Data below Start Marker

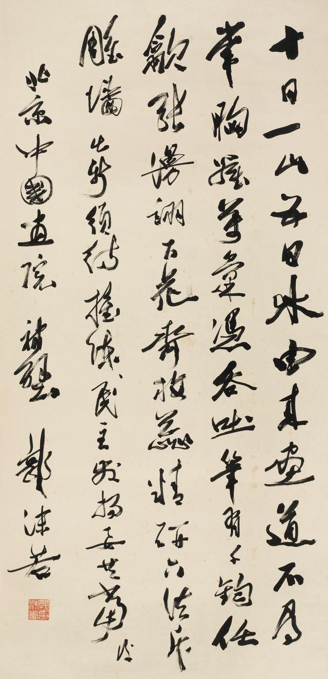 郭沫若 行书 题北京中国画院 纸本 1957年释文:十日一山五日水,由来画道不寻常。胸罗万汇凭吞吐,笔有千钧任歙张。漫诩百花齐放蕊,精研六法斥雕墙。出新须待推陈后,民主发扬要共当。北京中国画院补壁,郭沫若。钤印:郭沫若印(白)
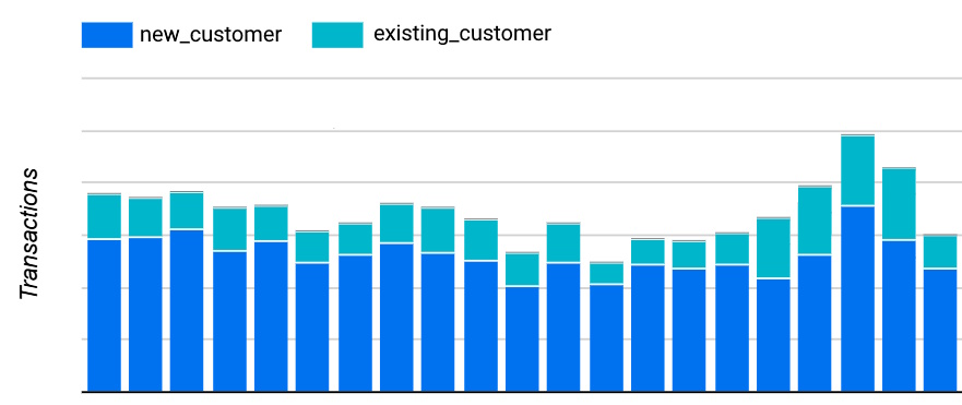 Analyze which marketing channels and campaigns drive new versus existing customers. For example, you can notice that some campaigns resulted in more new or existing customer sales than expected.
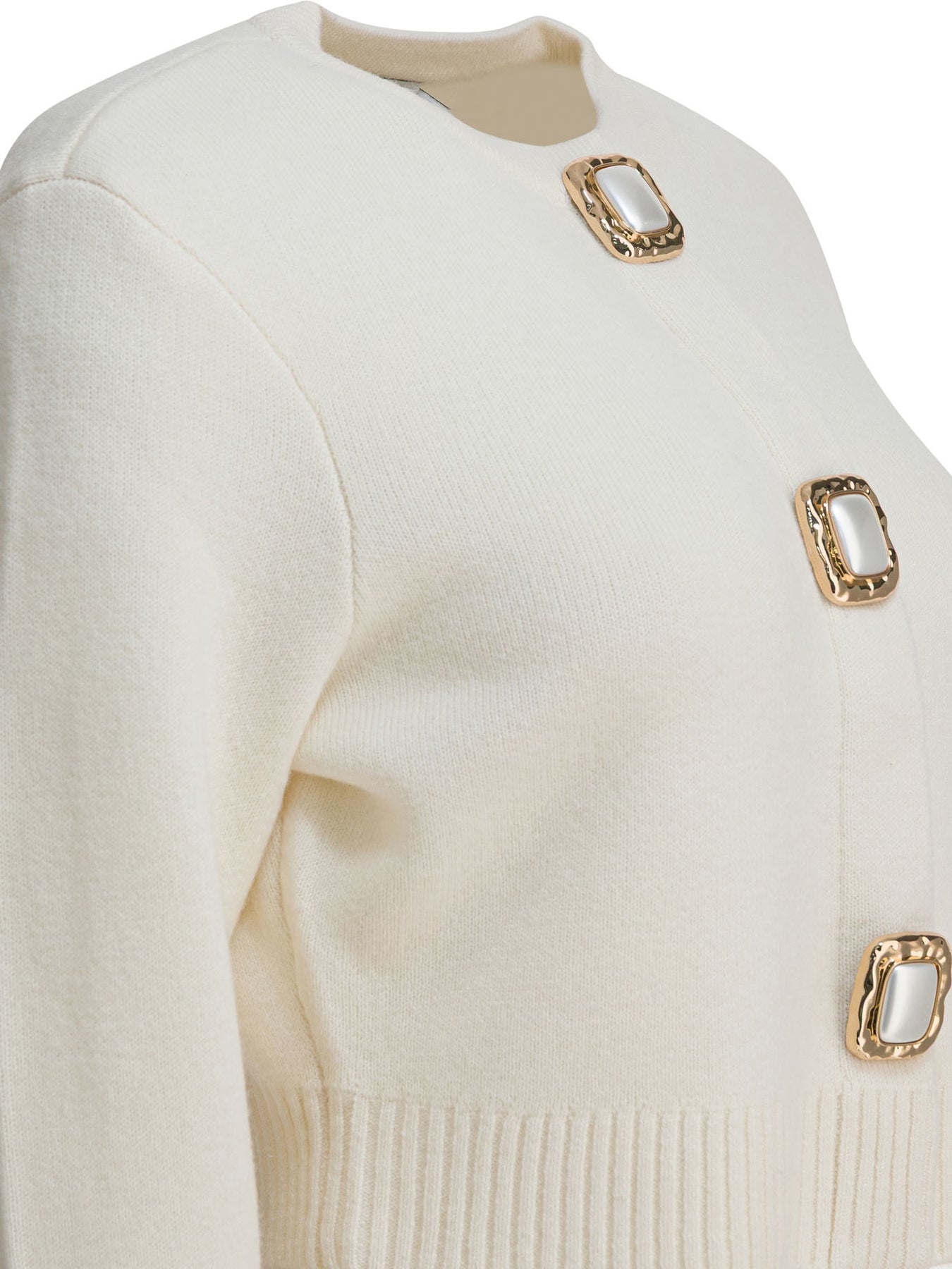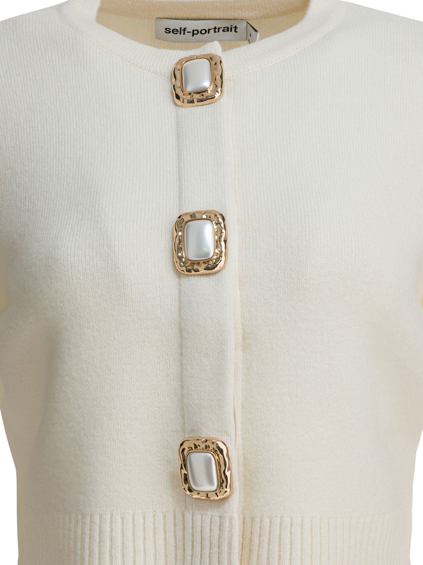 Self-portrait wool cropped cardigan made of compact stretch-textured knit, featuring a short silhouette and long-sleeved construction. The design features ribbed trim on the neckline, cuffs and bottom, with front closure concealed by a row of decorative buttons. The composition features a predominance of wool combined with minimal percentages of polyamide and elastane to ensure flexibility and dimensional stability. Relaxed fit without structural stiffening. || - Embellished with decorative buttons - Long sleeves - Ribbed trim on neckline, cuffs and hem - Front closure with concealed buttons and surface decoration - Stretch fabric - Cropped fit

Data below End Marker

Task to complete:
Return exactly the lines starting at the line with "Analyze which marketing" and ending at the last line of the listing, both ends included; pictures are to be left out.

Solved exercise:
 Analyze which marketing channels and campaigns drive new versus existing customers. For example, you can notice that some campaigns resulted in more new or existing customer sales than expected.
 Self-portrait wool cropped cardigan made of compact stretch-textured knit, featuring a short silhouette and long-sleeved construction. The design features ribbed trim on the neckline, cuffs and bottom, with front closure concealed by a row of decorative buttons. The composition features a predominance of wool combined with minimal percentages of polyamide and elastane to ensure flexibility and dimensional stability. Relaxed fit without structural stiffening. || - Embellished with decorative buttons - Long sleeves - Ribbed trim on neckline, cuffs and hem - Front closure with concealed buttons and surface decoration - Stretch fabric - Cropped fit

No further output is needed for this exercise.